Ok, so I'm sitting here in bed writing a blog. I should really being trying to do my "homework." For those of you who know, I am doing a 20's bible study with my sister-in-law and some other friends. I am having such a hard time getting into it. I love being with the girls but I just can't seem to get really into the bible study part. I'm not a great reader anyway but it seems that when I try to concentrate on the independent studies it just doesn't make much sense. I feel like I have to read it like 20 times just to get it.

Anyway, I feel like I had a very productive day today. Of course I have monday's off work so I try to do things. I went to get my hair done, which I love. I went back to the doctor today and I feel very relieved and a little more confident now. He answered alot of my questions and actually gave me the real facts about my situation. I had read alot of things on the internet and of course, I should never believe anything that is on internet. Its alot of scary stuff you read. Some people just say wierd things and don't have any facts to back up any of thier information.

I also got doggie vaccines for my "kids" today. I was very nervous because I bought the vaccines and had to give them myself. I was proud of myself, I was actually able to do it and it saved me so much money. I also had to make an appointment for my youngest, Joey. He's a minature pinscher and its time for the dreaded neutering. I feel so bad because I don't want to seem him hurt. Really, my dogs are like my kids. If I feel this bad about having to neuter him, how am I going to feel when I do have kids and they have to have vaccines or they have to has some kind of procedure?

Well, I guess I should get back to trying to finish my "homework"

Sunday, October 19, 2008

That perfect guy......

Why can't I find that perfect guy??? I guess the entire time I've been looking in all the wrong places. All I want is someone to care about me, love me and just treat me the way I should be treated! Dadgum....I want someone like that so bad. I need help because obviously I'm not doing a very good job!

Thursday, October 16, 2008

I am so glad that tomorrow is FRIDAY!!! I've worked late everyday this week and am ready for some rest! I feel so frustrated that I just want to cry. I have so many things running through my head and some of it I don't even know what it is! I think God made guys just to get on our nerves and to see just how much we can take!! I'm about to go insane!

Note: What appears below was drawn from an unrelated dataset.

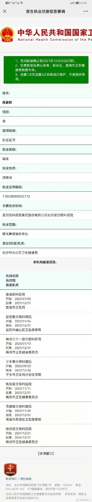 疯狂扩张背后,爱尔眼科的医生资质受到质疑。目前,已有不少网友爆料,爱尔眼科医院中,有大量持执业医师资质的医生“根据需要能够多挂几家医院尽量多挂”。例如,一位医院副院长同时挂靠上海爱尔眼科医院、成都爱尔眼科医院和长沙爱尔眼科医院,而在湖南省境内,还另外挂靠了当地七家市级爱尔眼科医院。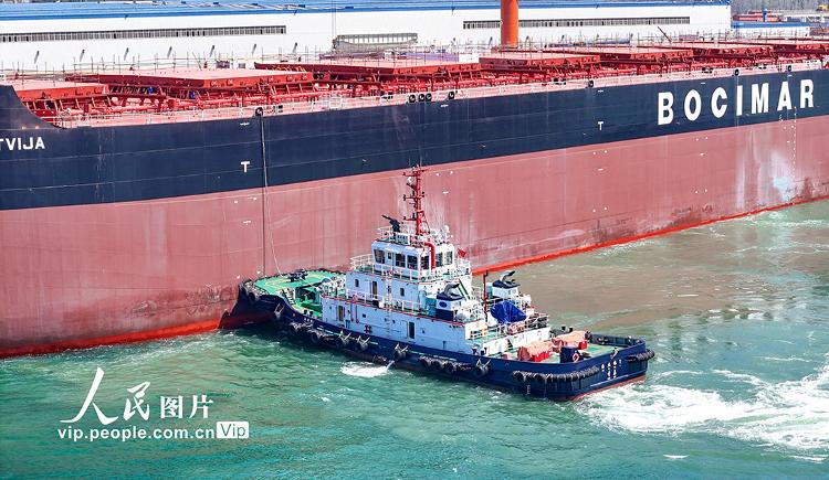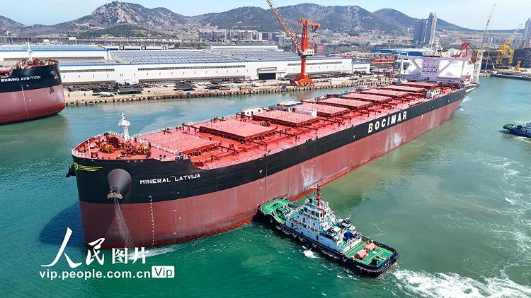2026年4月13日,中国船舶集团青岛北海造船有限公司生产现场繁忙有序。一艘21万吨级绿色燃料船舶完成手续办理,启程出海试航。据了解,该公司目前在建船舶25艘,手持订单90余艘,其中绿色燃料船舶占比超90%,部分船型交付期已排至2030年。张进刚摄(人民图片网)

I am trying to make a "healthy lifestyle change" (my phrase for diet) because I was told I needed to start living healthier. I'm having alot of trouble even though I know the reason I need to do this is very important. Why can't things like this be easy? Why can't I like to eat nasty green veggies and yummy stuff like that? I did figure out one I do like alot. Yellow squash. Of course I like it with butter! that just takes the healthy out of it but atleast its a veggie other than green beans or corn right?

Wednesday, October 15, 2008

I Can't believe I'm into the Blogging World now?!

So I never thought I would blog, at all, but I guess I am now! I thought I would use this as a release....not that I don't have several best friends to talk to....but there are some of you who I love dearly but I just don't get to talk to you very often. So, maybe this will break the distance between us.

There has been so many things going on in my life and the Stapleton life lately. Sometimes I wish I could just curl up in a ball and make it all go away. It seems like every week is something new to worry about. Of course right now the latest is about my Granny. She has breast cancer and will be having surgery in about 2 weeks, then its Papa and his crazy problems that he has, and of course I always have my most awesome sister-in-law on my mind, and now I'm having some issues.

I would just like to ask you to pray for my family and I. Lots of things are going on. Right now, I'm really struggling with something that is going on with me. I know alot of it is just the mentality of it all so I have my good days and bad. I'm not ready to tell most of you what it is and I hope your not offended if I just don't. But I'm just going to ask if you would, please keep all of this in your prayers.

Wow! Taylor...you are so right, I can express so much just thru writing. But I probably need to stop before I say to much.